Country-specific committees were organized ad hoc, at the request of bondholders, to deal with loans to countries with repayment difficulties. A committee was organized if there was a “sufficient number” of interested bondholders. The President and vice-President of the Council of the CFB were members ex-officio; other members were elected in a general meeting—they typically held bonds issued by the defaulting country but were otherwise essentially volunteers. Committees could act independently, without interference by the Council. The CFB provided the committees with housing, assistance, and advice; it was also responsible for some of the administrative and legal expenses. The vast majority of committee members were not members of the Council. In 1903 there were 20 separate Bondholders’ Committees affiliated with the CFB, consisting of 215 members: of these, only 32 members (exclusive of the president and vice-president) were also members of the CFB; and 17 out of those 32 had been appointed directly by the bondholders. Country-specific committees had a larger number of members, the larger the debt or the number of debt holders: for example, committees had more members for Spain and Portugal than for small Latin American countries.

Following a default, committee members would travel to the defaulting country and meet with senior officials, often the country’s chief executive or key ministers. The committee would conduct its own negotiations with the country authorities, return to London and, in consultation with the Council, present a proposed restructuring deal to the membership of the CFB in the context of a general meeting of bondholders.

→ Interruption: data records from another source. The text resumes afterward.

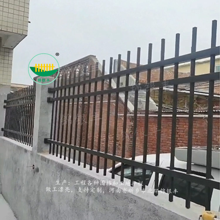锌钢防爬栏杆 围墙栅栏 小区铁艺围栏 喷涂焊接护栏 焊接式 喷塑 锌钢 小区学校 厂区 厂房 围墙铁艺 防爬围栏 组装围墙栅栏 三横杆锌钢围栏 厂区方管焊接防爬护栏。作为护栏源头工厂,新乡锦银丰专注于锌钢护栏的生产与制造。锌钢材质护栏具有优异的耐腐蚀性和高强度,为围墙护栏的长期使用提供了坚实保障。具备灵活性,可组合、可焊接的特性,能够满足不同场景下的安装需求,无论是复杂的地形还是独特的建筑风格,都能轻松适配。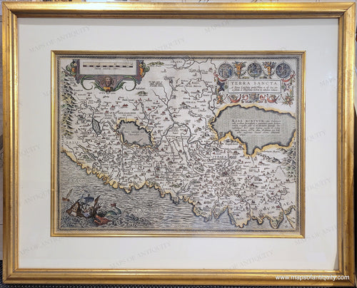 1586 - Holy Land - Terra Sancta : a Petro Laicstain perlustrata, et ab eius ore et schedis a Christiano Schrot in tabulam redacta - Genuine Antique Map, Framed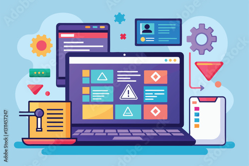 Kanban vektorové ploché ilustrace. Kanban karty na tabuli, raketa, schránky s kontrolním seznamem. Agilní metodika pro startup business, vizuální koncepty řízení procesů pro webový banner, webové stránky.
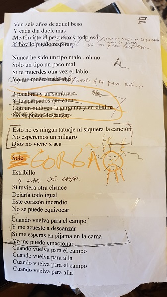 Gonzo: Es un disco con grandes canciones, bien decentes, que creo que todos los que escuchan buena música le tendrían que dar una ojeada. Hace poco me di cuenta de algo y razoné lo siguiente: considero que si una canción y un disco es decente, me imagino poniéndoselo a Paul McCartney para que lo escuche. Es una estupidez lo que estoy diciendo, pero es lo que pienso y es el termómetro y la regla que elijo. Es el obrero vivo de la canción, uno de los pocos, que es un semi dios. Yo creo que si le doy el disco a Paul McCartney, le va a gustar (risas). Creo que es un disco decente, y estoy convencido de que estas cosas van a suceder pero cuando uno ya no esté en la Tierra. Mi obra creo que la van a escuchar muchas personas pero les va a caer la ficha más adelante, y no tengo ningún conflicto con eso. Los que disfrutan ahora son con los que me siento súper agradecido, bendecido de que la gente diga “¿a ver cómo está?”. Es un buen disco.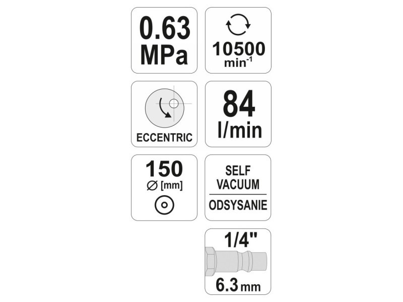 levegős excentrikus csiszoló egy megfelelő nyomású sűrített levegővel működő szerszám. A készlet tartalmaz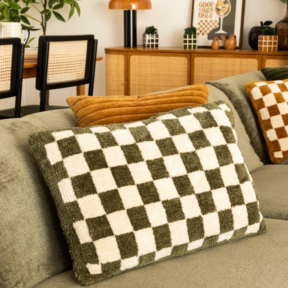 Sierkussens & Plaids|Ygo Kussen DAMDRO Dambordmotief Groen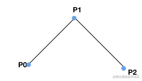 给定点P0,P1,P2 ,P0 和 P2 为起点和终点,P1为控制点。从P0到P2的弧线即为一条二次贝塞尔曲线。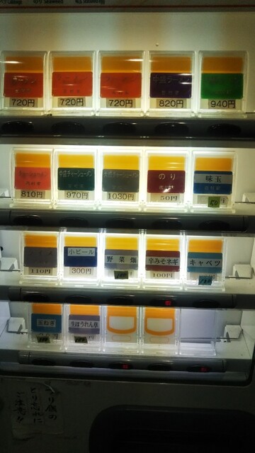 食券を購入後に並ぶということらしい。ラーメン(720円)と味玉(50円)とライス(110円)の食券を購入した。支払いは現金のみだった。

In a few cases, country-specific committees disagreed with the CFB Council regarding the desirable course of action. For example, in 1875 the Mexican committee tried to act independently of the CFB, though ultimately with little success (1875 Report, pp. 26–27). However, this seems to have been rare (1903 Report). Occasionally, the Council of the CFB also conducted some activities on its own initiative: examples include its appointing of the British representative on the Council of Administration of the Ottoman Public Debt and its occasional direct interventions on behalf of individuals whose rights had been “prejudiced” by the action of foreign governments. However, as a general rule the Council acted through the various country-specific committees associated with it.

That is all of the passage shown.